The mini-series “Pam & Tommy” is partly about the tumultuous romance and tabloid scandals of the rock drummer Tommy Lee and the actress Pamela Anderson. The show’s third major character is played by one of its producers and creators, Seth Rogen, who takes on the role of a disgruntled carpenter looking to exact some revenge on the celebrity couple, selling their homemade sex tape in retaliation for an unpaid bill. Sebastian Stan plays Lee and Lily James plays Anderson in the series, which also features the work — and the ironic sensibilities — of the director Craig Gillespie (“I, Tonya”) and the screenwriter Robert D. Siegel (“The Wrestler”). While “Pam & Tommy” is based on a true story, it has a satirical edge, commenting on how the public sometimes prefers to be entertained by celebrities’ private lives more than by their actual work.
4. The Deep House
Starts streaming: Feb.2
In horror, bodies of water tend to be reserved for creature features or ghost ships, things that fall in line with the theme. To this day, for instance, many consider Stephen Spielberg’s Jaws (1975) as the gold standard for underwater terror, with the iconic shark accepted as a legitimate movie monster. Ideas that go against tradition (aquatic monsters, ghost pirates, Cthulhu) are few and far in between.
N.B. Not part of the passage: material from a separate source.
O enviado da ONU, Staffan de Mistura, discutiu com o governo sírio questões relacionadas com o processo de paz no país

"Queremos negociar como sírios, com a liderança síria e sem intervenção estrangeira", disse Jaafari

Alexandre Bustillo and Julien Maury’s The Deep House is a rare example of going against the grain to great success. It’s a movie that mixes and matches horror elements to create something that produces scares in a different way. The exercise results in a gruesome haunted house movie shot underwater that’s sure to please fans of all walks of horror fandom.
The Deep House follows Ben (played by James Jagger) and Tina (played by Camille Rowe), a couple that visit haunted places to create content for their streaming video channel. Ben is more invested in this than Tina, but their shared interest leads them to a house found on the bottom of a lake. The place was flooded some years past and the town that was there is now underwater. The house in question is found there, nearly intact.
5. Suspicion
Starts streaming: Feb. 4
The trailer begins with the character Natalie Thompson being stopped by police at her wedding. Things sure don't look good for her as she is driven away in a police car and offered legal advice by detectives.
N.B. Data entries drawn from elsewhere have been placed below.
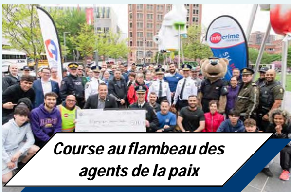
Course au flambeau des agents de la paix
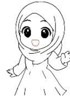
Gambar 2: Desain Karakter Maryam
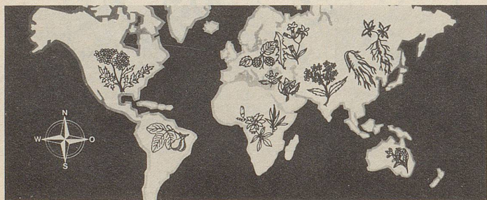
Pflanzen von allen Kontinenten in Zellers Heilmitteln.

Ohne weitere Zusammenhänge zu verfolgen, kann man schon jetzt feststellen, dass die gestiegenen Frauenpreise in Libyen zur Ankurbelung der kriselnden Weltwirtschaft beitragen, was zu begrüßen ist. Zumal alle anderen Massnahmen zur Verbesserung der Weltwirtschaftslage weit weniger versprechen.
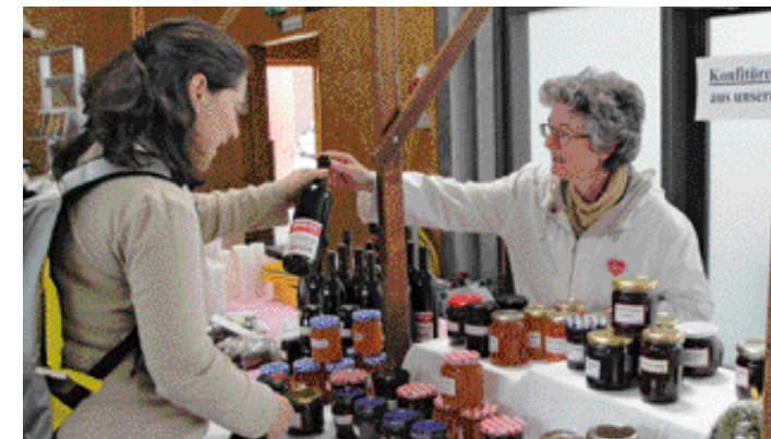
Klosterwein: Die ASC-Schwester bieten ihre Produkte am Klostermarkt an.

Klostermärkte kommen in Mode. Dabei geht es aber nicht nur um das Geschäft, wie das Beispiel aus Gossau in der Schweiz zeigt.

She tells the police "I don't need it. There's obviously been some misunderstanding" as a clock ticks away in the background. A detective then reveals: "We can't tell if this is terrorist-related, politically related, or simple extortion."
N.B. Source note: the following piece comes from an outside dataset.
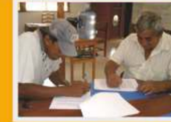
Firma de convenios para proyectos PAES

Se ha fortalecido 5 comunidades asentadas en la zona de amortiguamiento del Parque Nacional Cerros de Amotape, con la implementación de Proyectos Productivos a través del Programa de Actividades Económicas Sostenibles (PAES).
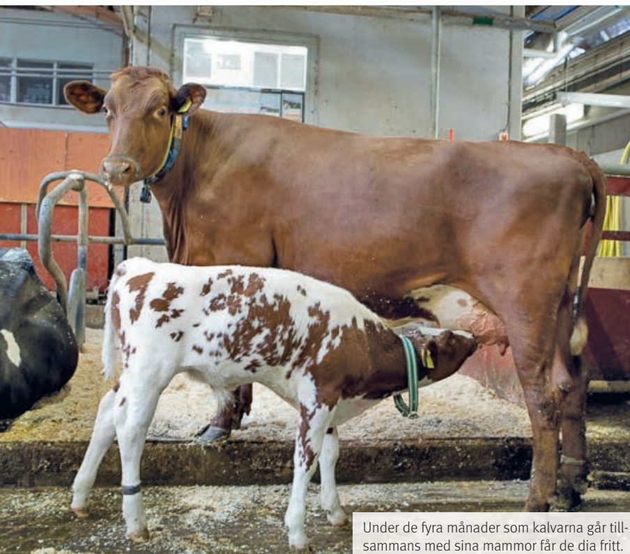
Under de fyra månader som kalvarna går tillsammans med sina mammor får de dia fritt.

– Det är under de månaderna kalven går hos kon som man får ett intäktsbortfall. När kalven skiljs av ökar mjölmängden till mjölktanken. Därefter har de

As the trailer progresses, the faces of the four other suspects appear on the screen, denying any involvement in Leo's abduction or offering the response "no comment" as audiences learn Leo was abducted in a suitcase by a masked gang. Based on the Israeli series “False Flag,” the thriller “Suspicion” begins with an abduction caught on a security camera, as the son of a powerful American media mogul is grabbed by masked criminals. Though the mogul is played by Uma Thurman, she is not the show’s lead. Instead, “Suspicion” is about a handful of seemingly unrelated Londoners who are hauled in by the police because of their possible connections to the crime. The series is structured as a mystery, with the investigators piecing together what actually happened and who was involved. But it is also a slice-of-life drama, following the suspects as their lives are upended by an unexpected accusation.